Problem to work on » Output the full listing below exactly as it reads, and skip anything that is a picture.

START Data segment

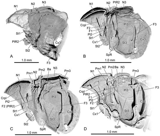 The endoskeleton of pupal and adult Callosobruchus maculatus. (A) initial pupal stage; (B) middle pupal stage; (C) late pupal stage; (D) adult. Abbreviations: Ba—basalar sclerite; Crpl—cryptopleuron; Cx1/3—pro-/metacoxal; F1/2/3—pro-/meso-/metathoracic furca; N1/2/3—pro-/meso-/metanotum; Pl2/3—meso-/metapleuron; PlR2—mesopleural ridge; Pm1/2/3—pro-/meso-/metaphragma; SpR—sternopleural ridge; St1/2/3—pro-/meso-/metasternum.
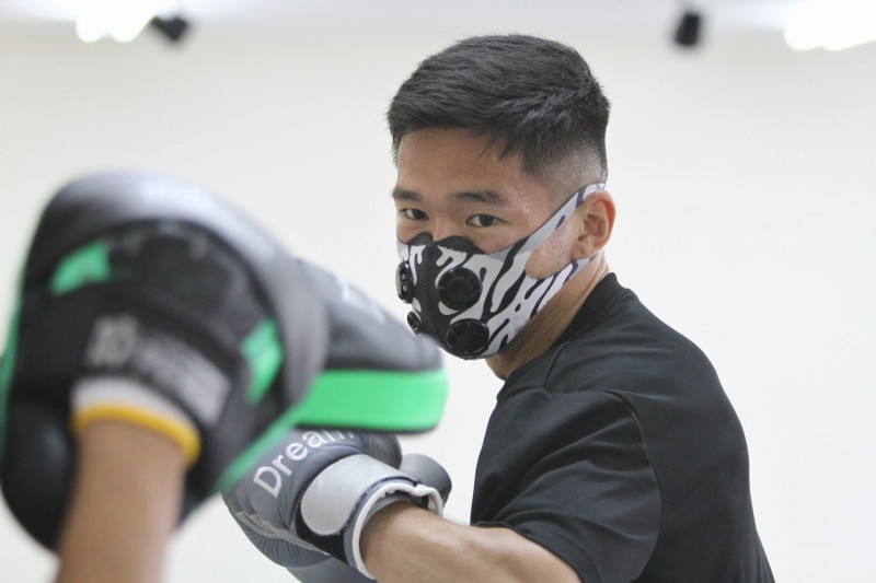篠原はマスクで呼吸を制限してパンチを強打するミット打ちも行う(C)K-1
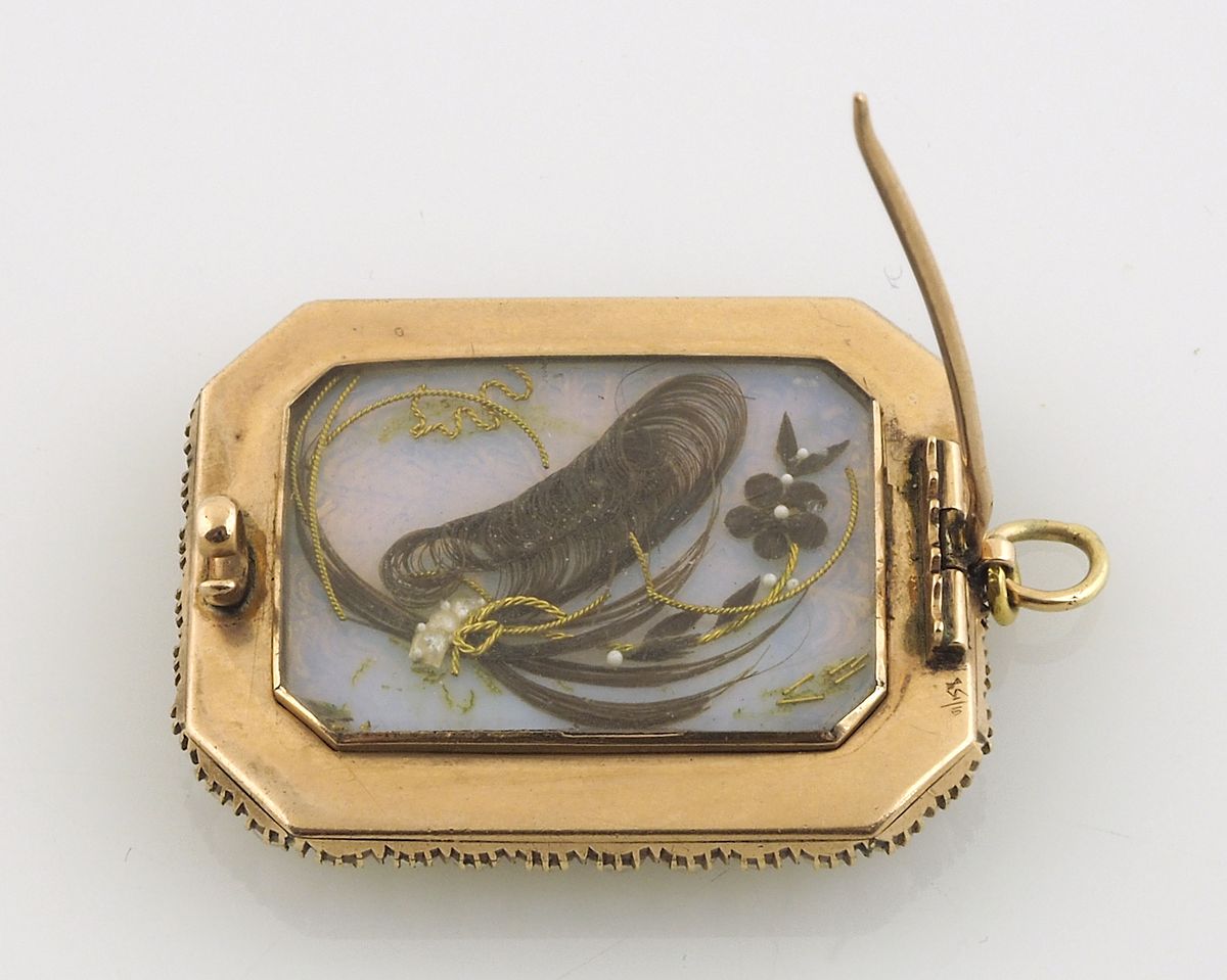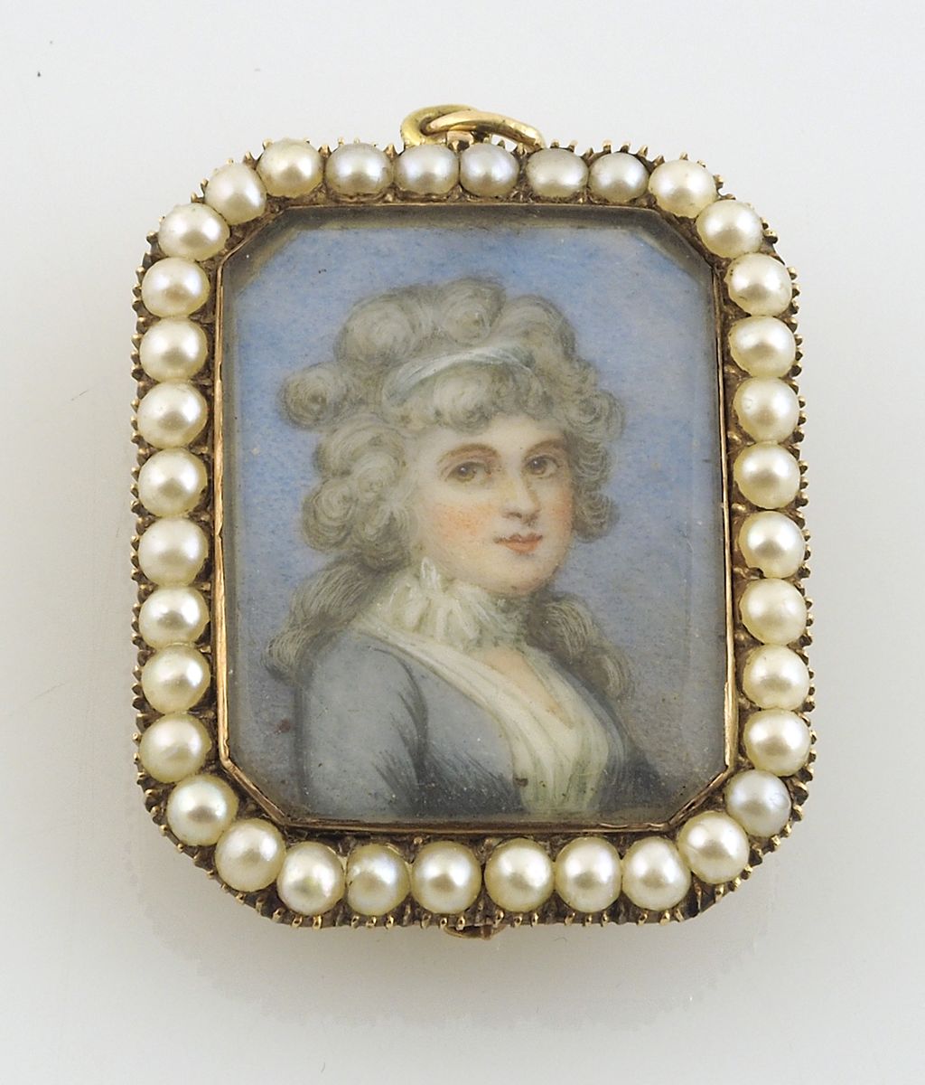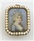 Pendente miniatura con montatura in oro giallo raffigurante gentildonna, cornice di perline, metà XIX secolo

END Data segment

Exercise output »
 The endoskeleton of pupal and adult Callosobruchus maculatus. (A) initial pupal stage; (B) middle pupal stage; (C) late pupal stage; (D) adult. Abbreviations: Ba—basalar sclerite; Crpl—cryptopleuron; Cx1/3—pro-/metacoxal; F1/2/3—pro-/meso-/metathoracic furca; N1/2/3—pro-/meso-/metanotum; Pl2/3—meso-/metapleuron; PlR2—mesopleural ridge; Pm1/2/3—pro-/meso-/metaphragma; SpR—sternopleural ridge; St1/2/3—pro-/meso-/metasternum.
篠原はマスクで呼吸を制限してパンチを強打するミット打ちも行う(C)K-1
 Pendente miniatura con montatura in oro giallo raffigurante gentildonna, cornice di perline, metà XIX secolo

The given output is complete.